_Task prompt:_
Transcribe the entries below exactly, starting with the line that has "ένα, σε μεγάλο" and stopping after the line that has "The metal pack"; no pictures belong in the copy.

_The data:_
• • • • •

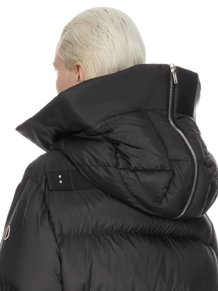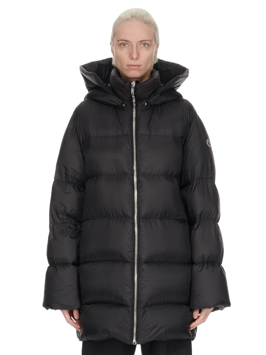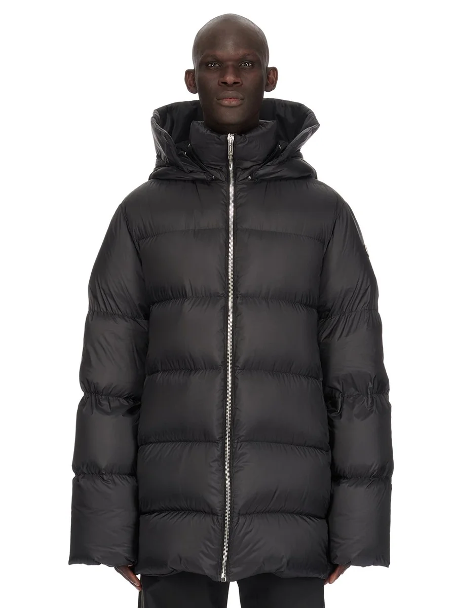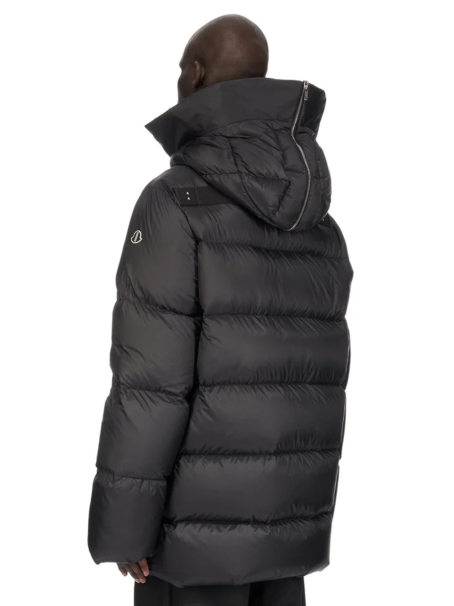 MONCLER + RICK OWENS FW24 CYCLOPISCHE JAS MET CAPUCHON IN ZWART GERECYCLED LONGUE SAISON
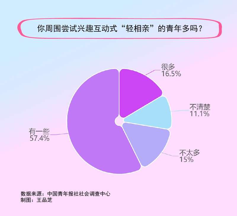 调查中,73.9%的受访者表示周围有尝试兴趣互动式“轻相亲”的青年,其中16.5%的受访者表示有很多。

• • • • •

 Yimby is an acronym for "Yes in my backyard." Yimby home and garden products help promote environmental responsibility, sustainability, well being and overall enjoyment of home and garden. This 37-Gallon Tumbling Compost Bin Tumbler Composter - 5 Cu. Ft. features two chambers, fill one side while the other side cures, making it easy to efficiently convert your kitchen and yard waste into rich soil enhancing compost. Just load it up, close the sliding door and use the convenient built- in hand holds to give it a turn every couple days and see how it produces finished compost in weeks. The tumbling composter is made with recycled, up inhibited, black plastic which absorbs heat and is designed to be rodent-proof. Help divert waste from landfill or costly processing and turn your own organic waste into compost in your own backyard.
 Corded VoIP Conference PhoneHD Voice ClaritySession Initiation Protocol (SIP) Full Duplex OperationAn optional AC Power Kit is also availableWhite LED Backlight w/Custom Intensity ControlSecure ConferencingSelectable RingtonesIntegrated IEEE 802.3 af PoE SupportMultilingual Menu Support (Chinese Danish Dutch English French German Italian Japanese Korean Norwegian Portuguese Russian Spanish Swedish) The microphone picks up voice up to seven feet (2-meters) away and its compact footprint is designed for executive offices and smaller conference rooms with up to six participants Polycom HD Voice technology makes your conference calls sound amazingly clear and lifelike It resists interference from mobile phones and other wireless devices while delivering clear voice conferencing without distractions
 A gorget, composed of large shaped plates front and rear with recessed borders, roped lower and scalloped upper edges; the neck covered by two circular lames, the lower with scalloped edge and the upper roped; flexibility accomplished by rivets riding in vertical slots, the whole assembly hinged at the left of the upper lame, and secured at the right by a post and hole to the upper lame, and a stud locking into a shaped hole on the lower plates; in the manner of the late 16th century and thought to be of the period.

• • • • •

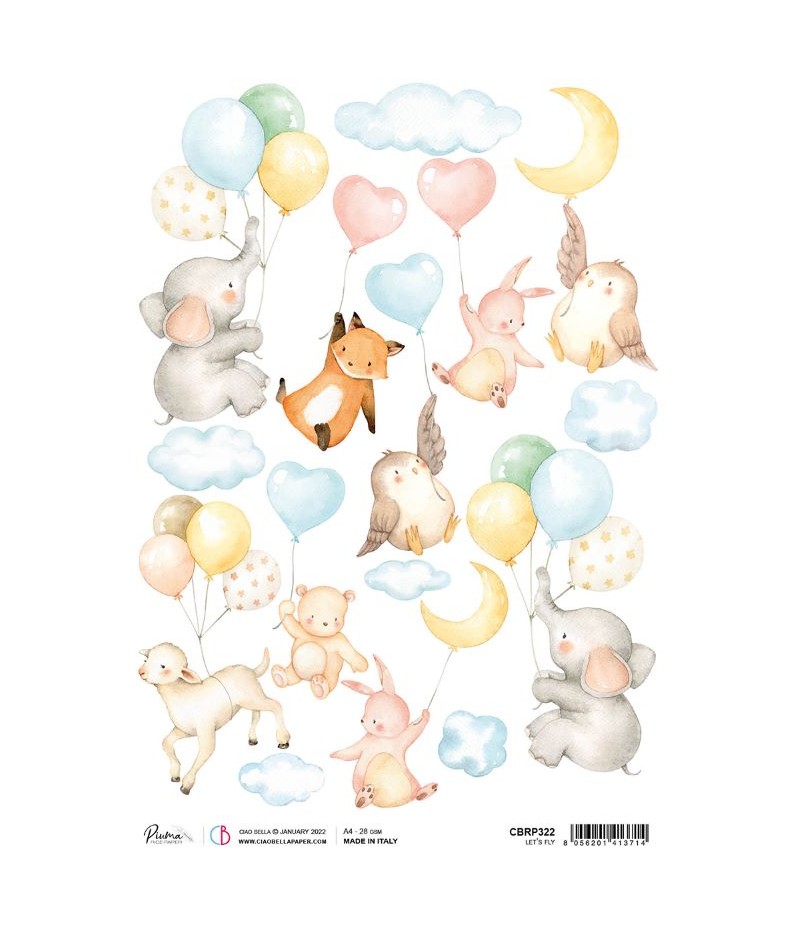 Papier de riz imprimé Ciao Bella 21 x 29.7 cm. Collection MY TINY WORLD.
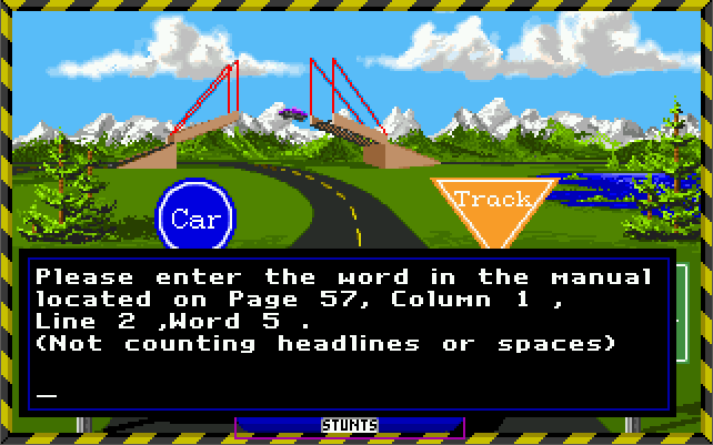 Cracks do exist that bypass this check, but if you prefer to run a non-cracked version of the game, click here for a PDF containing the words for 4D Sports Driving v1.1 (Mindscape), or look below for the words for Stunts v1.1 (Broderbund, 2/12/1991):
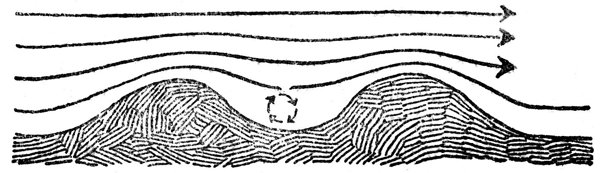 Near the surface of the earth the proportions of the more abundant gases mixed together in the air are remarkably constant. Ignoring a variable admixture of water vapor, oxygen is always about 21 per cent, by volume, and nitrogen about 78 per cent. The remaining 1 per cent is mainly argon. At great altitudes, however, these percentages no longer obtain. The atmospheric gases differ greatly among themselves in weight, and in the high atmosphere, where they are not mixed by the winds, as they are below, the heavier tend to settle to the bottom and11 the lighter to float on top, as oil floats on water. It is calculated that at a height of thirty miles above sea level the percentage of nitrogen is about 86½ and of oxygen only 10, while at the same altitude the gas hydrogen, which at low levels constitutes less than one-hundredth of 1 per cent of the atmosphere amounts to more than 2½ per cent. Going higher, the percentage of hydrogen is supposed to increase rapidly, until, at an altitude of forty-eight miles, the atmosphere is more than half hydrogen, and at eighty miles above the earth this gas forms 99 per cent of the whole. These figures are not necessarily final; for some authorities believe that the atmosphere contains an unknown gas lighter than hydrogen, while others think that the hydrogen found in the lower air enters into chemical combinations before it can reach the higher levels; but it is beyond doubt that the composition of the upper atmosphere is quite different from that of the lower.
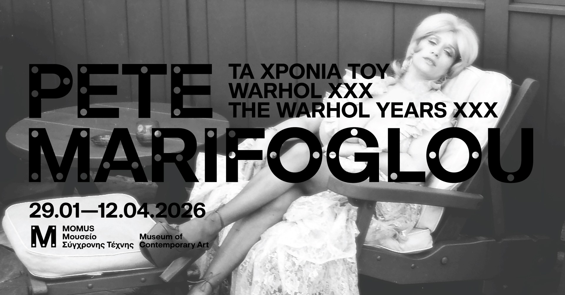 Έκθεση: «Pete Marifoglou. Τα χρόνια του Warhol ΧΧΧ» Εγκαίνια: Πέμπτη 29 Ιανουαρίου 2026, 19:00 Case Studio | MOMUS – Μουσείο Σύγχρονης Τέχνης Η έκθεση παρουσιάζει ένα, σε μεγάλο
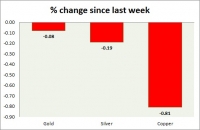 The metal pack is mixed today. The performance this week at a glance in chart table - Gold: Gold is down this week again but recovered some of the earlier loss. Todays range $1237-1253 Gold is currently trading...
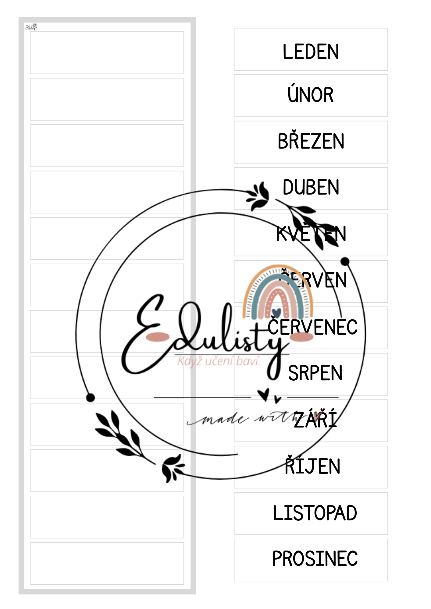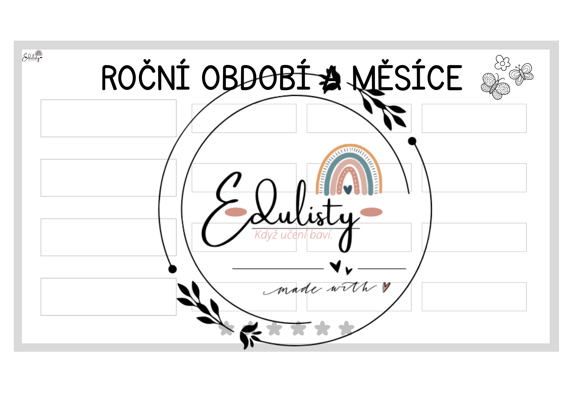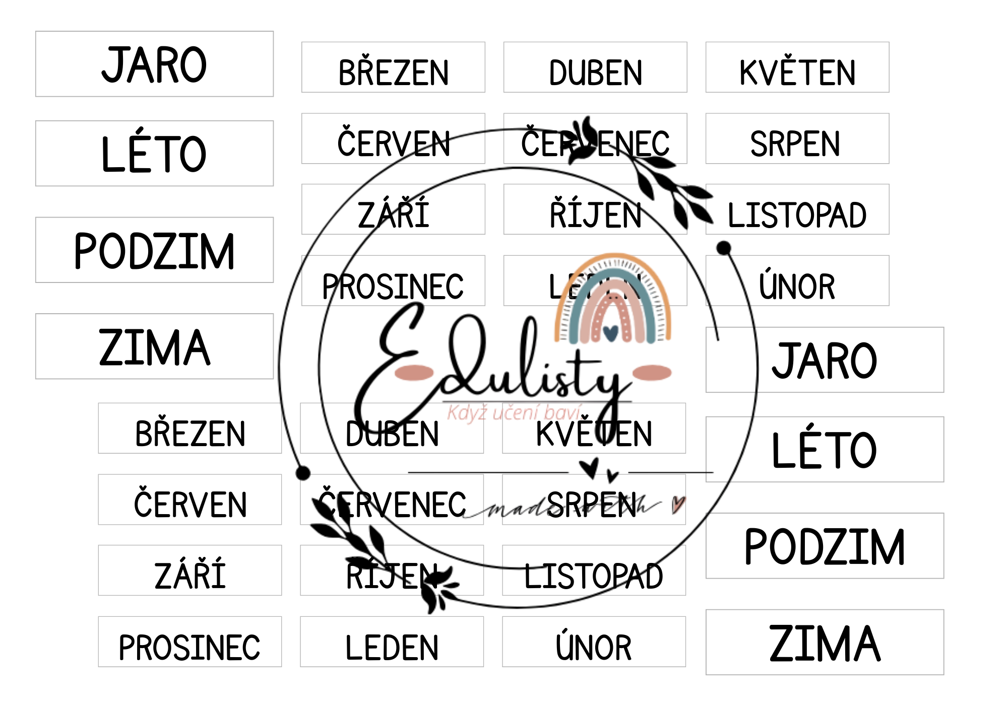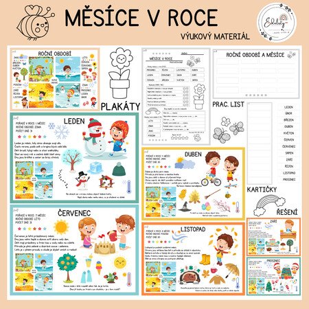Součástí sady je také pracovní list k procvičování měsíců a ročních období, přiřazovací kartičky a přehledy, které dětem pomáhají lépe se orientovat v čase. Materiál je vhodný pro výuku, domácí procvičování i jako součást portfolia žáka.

• • • • •

_Exercise output:_
 Έκθεση: «Pete Marifoglou. Τα χρόνια του Warhol ΧΧΧ» Εγκαίνια: Πέμπτη 29 Ιανουαρίου 2026, 19:00 Case Studio | MOMUS – Μουσείο Σύγχρονης Τέχνης Η έκθεση παρουσιάζει ένα, σε μεγάλο
 The metal pack is mixed today. The performance this week at a glance in chart table - Gold: Gold is down this week again but recovered some of the earlier loss. Todays range $1237-1253 Gold is currently trading...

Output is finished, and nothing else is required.